Q. We own a beautiful Zimmer classic automobile and we have heard that they are now making them again in Ft. Lauderdale or Pompano Beach in Florida. Can you check this out?
E.G. Bakersfield, CA

A. The Zimmer is what's referred to in the trade as an "era" car. Era cars were built up from readily available parts (VW or Sprite convertible body, Corvette suspension, Buick/Lincoln/Chevrolet engines, etc.) and made to replicate the long hood, exposed headlight, side-mount spare tire look of the classics of the '30's. All the parts were either new or completely rebuilt to be better than new. There were several brands made (Excalibur, Clenet, Tiffany) and they were all made to the same formula. They attract attention on the street like no other type of car and shouldn't be driven by those who are timid or shy. Through Hemmings Motor News I found Art Zimmer at New Times in Syracuse, NY. He's the "official" contact for the Zimmer Motor Car Company. Call him at 315-422-7011 or fax a request of information to 315-422-1721. .

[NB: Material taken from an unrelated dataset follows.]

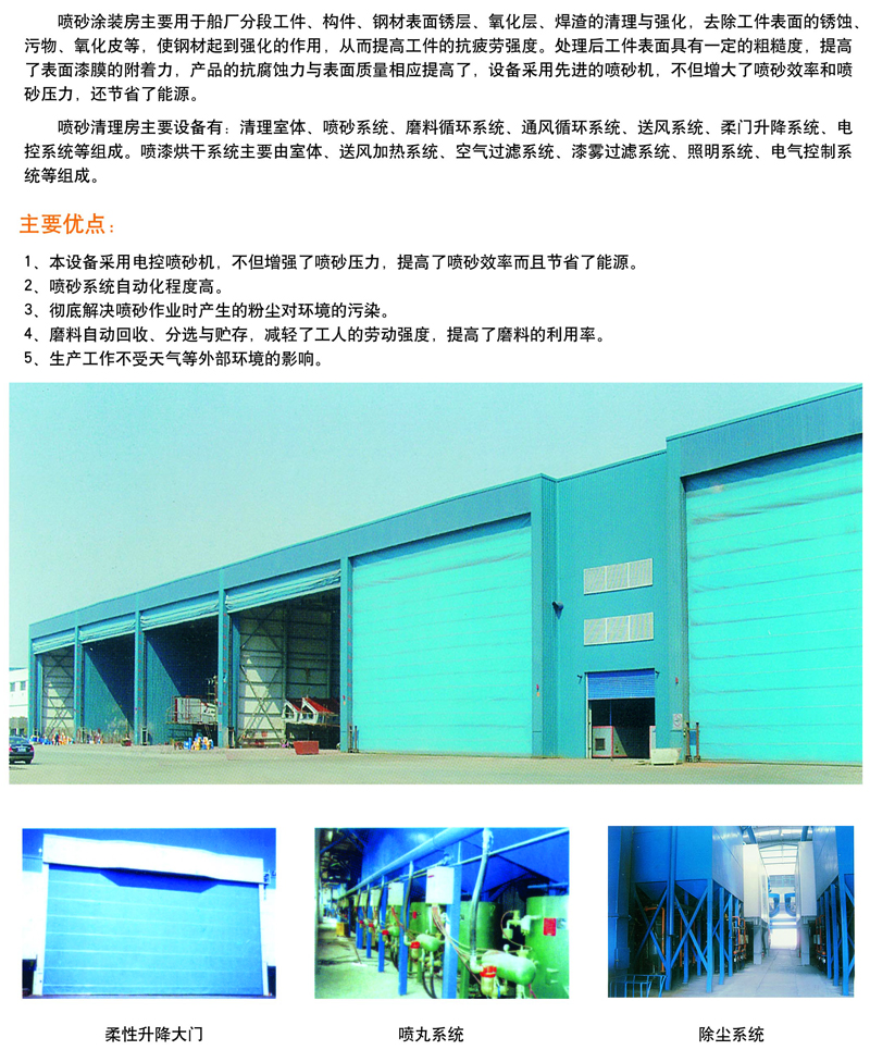噴砂涂裝房主要用于船廠分段工件、構(gòu)建、鋼材表面銹層、氧化層、焊渣的清理與強(qiáng)化,去除工件表面的銹蝕、污氧化皮等,使鋼材起到強(qiáng)化的作用,從而提高工件的抗疲勞強(qiáng)度。

Q. We have a 1993 Ford Taurus that has the 3.0 liter V6 engine and an automatic transmission. It has just 31,000 miles on the odometer .We bought it second hand from a used car dealer about six months ago and it has given good service until now. A few weeks ago it started running poorly and has a stumble in the engine when I'm accelerating hard. It seems to be getting worse and our local service station mechanic says that when he checks it out on his diagnostic machine, everything checks out OK. I'm beginning to be apprehensive about driving the car for fear that it will quit running on me altogether and I'll be stranded.
T.C. Lafayette, IN

A. If everything else checks out OK, have your mechanic check the fuel delivery system. Some Ford Taurus and Mercury Sables of that year had fuel tanks that were sloppily welded together. Sometimes tiny hunks of weld "splatter" came loose in the fuel tank and got into the fuel pump which then wore out. If this is the case, the only cure is to remove the tank, clean it careful and replace the pump.